All that aside, almost everybody I've encountered in science so far has access to __too much__ data and too little time. So maybe running fewer, better studies would let more of the collected information leave the file-drawer.
Posted by: Rubenarslan | 10 October 2014 at 01:29 AM
Hi Simine, this is a great post, and a really cool paper from you and Chris on the N-Pact Factor. But I'm really curious--how do you foresee (realistically or ideally) the N-Pact factor paper being used? I can think of several possibilities, but certainly there are more.
- Editors implement official sample size policy changes at the journals you coded, or other journals in psychology.
- Reviewers or editors cite the paper to justify rejecting a paper with a small sample, but otherwise sound theory and methods.
- Young eager graduate students (and faculty of course) feel a bit more empowered to question sample size-related decisions when attending talks or informally discussing research at conferences.
- Hiring committees use the paper, and subsequent NF data, to help determine the quality of a job candidate's publication record (e.g., lots of pubs at high NF journals, vs. lots of pubs at low NF journals).
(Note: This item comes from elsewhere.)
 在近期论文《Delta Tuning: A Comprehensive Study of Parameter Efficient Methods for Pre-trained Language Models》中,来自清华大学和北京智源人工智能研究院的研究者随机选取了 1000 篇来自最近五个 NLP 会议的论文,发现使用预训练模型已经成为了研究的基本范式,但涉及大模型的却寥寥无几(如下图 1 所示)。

This would perhaps be the most drastic use.
I'd love to hear your thoughts!
Posted by: Aaron Weidman | 11 October 2014 at 02:23 AM
"*** sample sizes do not decrease all kinds of mistakes (i.e., systematic error is not reduced), but they reduce random error and they don't increase other kinds of error."
well. consider p. 28 in
Ramscar, Michael, et al. "The myth of cognitive decline: Non‐linear dynamics of lifelong learning." Topics in cognitive science 6.1 (2014): 5-42.
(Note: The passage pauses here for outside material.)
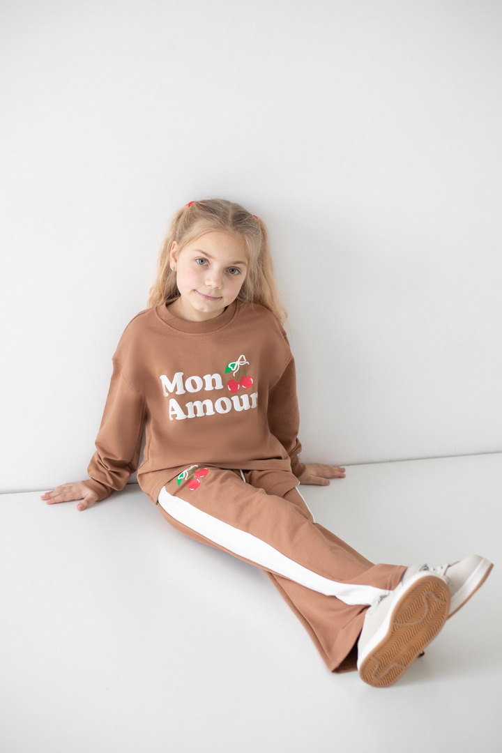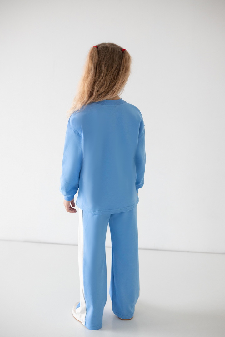 Цей костюм для дівчаток створений для активного, яскравого дитинства, де кожен рух — це радість, а кожен день наповнений пригодами. Він гармонійно поєднує в собі сучасний дизайн, продуманий крій та максимальний комфорт, який так важливий для дитини. Комплект складається зі світшота та штанів, виготовлених із якісного двониткового футера. Ця тканина відома своєю м’якістю, еластичністю та зносостійкістю. Вона приємна до тіла, добре пропускає повітря та допомагає підтримувати комфортну температуру, що робить костюм ідеальним. Світшот має вільний, трохи oversize крій, який забезпечує комфорт. Манжети на рукавах додають зручності та допомагають виробу добре тримати форму. Оригінальний принт на грудях робить образ яскравим і запам’ятовуваним, додаючи нотки грайливості та настрою. Штани виконані у сучасному стилі з прямим кроєм, що виглядає актуально та водночас дуже зручно. Еластичний пояс м’яко фіксується на талії, не тисне та забезпечує ідеальну посадку. Додаткові декоративні елементи та вставки підкреслюють стильність моделі, роблячи її не просто річчю, а справжнім fashion-образом для дитини. Цей костюм стане улюбленим у гардеробі вашої дівчинки — адже він не лише гарний, а й неймовірно комфортний.

http://psych.stanford.edu/~michael/papers/Ramscaretal_age.pdf
where a higher sample size was associated with a clear trend in subjects' performance. i generally agree with you, but bare in mind that there *is* a difference between screening 20 subjects and 200, which shouldn't just be ignored as it can have an effect.
Posted by: Zerschmetterling | 23 March 2015 at 02:53 AM